The Southern Resident community is federally listed as an endangered species due to a variety of factors that include a decline in their food supply, toxic exposure to industrial waste and human-related pollution, surface impacts (think boat exhaust, etc.), and low population. Orcas generally travel in pods and are very family-oriented. The Southern Resident community is comprised of three different groups: the J, K, and L pods (the oldest is a 100-year-old female named “Granny”). These pods are subjected to some of the highest boat traffic in the world, which is a good reason to try and view them via kayak. Unlike a whale-watching boat (which must still abide by strict regulations to protect the animals) however, kayaking doesn’t guarantee a show.

Despite arriving at Lime Kiln around 3pm, we’d apparently missed the orcas. No matter–we saw dolphins, and enjoyed the views. Meanwhile, Tyler and intern Maggie set up a beautiful lunch on a picnic bench. Despite the cold (the hot tea Maggie offered was much appreciated), we enjoyed a meal of couscous salad, grilled chicken breasts, and the aforementioned Washington wines. Tyler noted the whale boats heading south, so we decamped to South Beach, where binoculars enabled us to see some orca action far offshore. We took some time to walk the driftwood-strewn beach before departing for Pelindaba Lavender Farm. Despite not getting any up-close views of the orcas, it had been a fun, interesting, relaxing day, and no one seemed put-out that the animals had been a no-show.

Back at Friday Harbor that evening, everyone else went to do some exploring on their own, but I had a sea plane to catch. The terminal is two minute’s walk from the ferry, and I climbed aboard the seven-seater to find my fellow passengers included a boxer wearing a pink, rhinestone-studded harness. The dog lolled across her owner’s laps, evidently a veteran of float plane travel. Unlike me. I was childishly thrilled to be onboard, and within minutes of taking off, I was fantasizing about a second career as a seaplane pilot. The sun had finally emerged, and the water was dazzling. Waterfront cabins sat amidst the lush undergrowth and evergreens, sailboats bobbed in emerald coves.

And then, just as we banked and headed south toward Seattle, I saw them. Two pods of orcas–about 20 in all–leaping and splashing no more than 200 feet below us. I pressed my face against the window in awe, watching them until they were lost in the expanse of blue. Happy anniversary, to me.

Travel tips
Wear layers (including one waterproof), and lots of ’em. The weather is unpredictable and changes rapidly this far north. Although the islands are in the “banana belt,” sea breezes can be chilly.

Bring sunglasses, a hat, and broad spectrum, high SPF sunblock, and use it–frequently.

If you’re paddling, it’s easy to get dehydrated. Drink small sips throughout to keep your bladder from getting full.

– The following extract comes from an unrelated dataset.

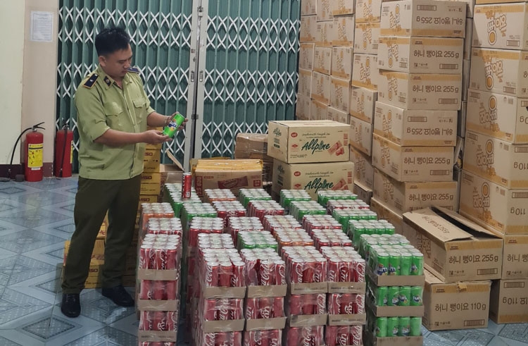 Kết quả khám phương tiện, đoàn kiểm tra tạm giữ 17 mục hàng gồm 480 lon nước ngọt loại 325ml, hiệu Cocacola; 576 lon nước ngọt loại 325ml, hiệu Funta; 95 chai dầu gội các loại; 40 bì bánh các loại; 170 bì kẹo các loại…

And don’t forget to eat a small, high protein/complex carb snack to keep your blood sugar up (Evergreen provides snacks and water, FYI).

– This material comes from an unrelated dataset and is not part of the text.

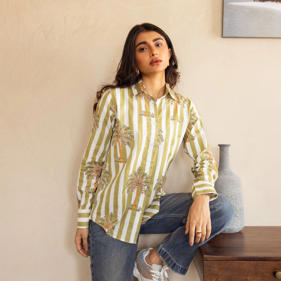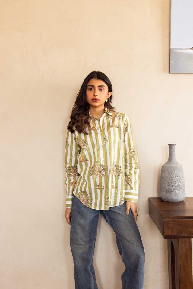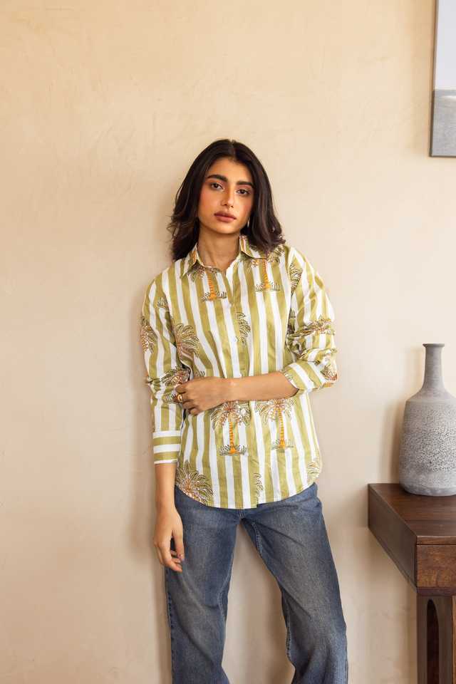 เสื้อเชิ้ตปาร์ตี้วินเทจลายมีลายดอกพลัมสีเขียวพิมพ์ลายสวยงามชุดแฟนซีคลาสสิกหรูหราของผู้หญิง

Kayaking attire should include a swimsuit, board shorts or waterproof pants, watersport shoes or sandals, and a long-sleeved nylon shirt (preferably one made with UPF fabric) or lightweight spray jacket. Your arms, and possibly your butt will get wet (if your boat’s spray skirt isn’t tight enough).

Soar & Explore

Evergreen Escapes offers a wide variety of summer and winter multi-day/activity packages, as well as customized tours for individuals or groups. San Juan excursions are offered year-round, with sea-kayaking April through October.

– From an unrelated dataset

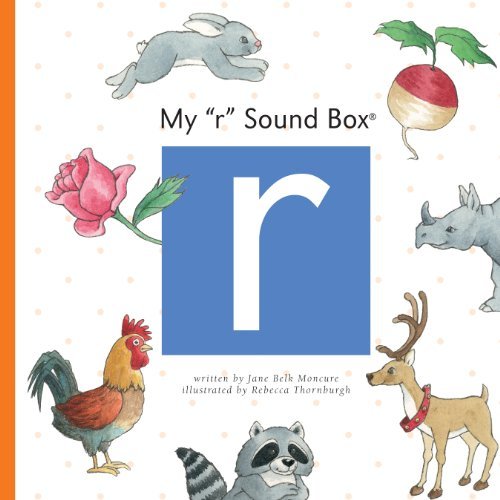 Little r has an adventure with items beginning with his letter's sound, such as a rooster, a raccoon, and a rowboat and raft on a rainy river.

If you want the ultimate San Juan scenery experience, you can fly up in the morning, or go round-trip: there are terminals at Friday Harbor and Roche Harbor. Another option is to overnight/take two nights at Friday Harbor House, Earthbox Motel, or Island Inn, or add-on another island (including Vancouver Island, BC) or Olympic National Park. Kenmore Air has terminals throughout Puget Sound, the Olympic Peninsula, Vancouver Island, and British Columbia’s Gulf Islands (Canada’s name for their part of the San Juan archipelago). They also offer flightseeing excursions and have four wheeled aircraft in their fleet.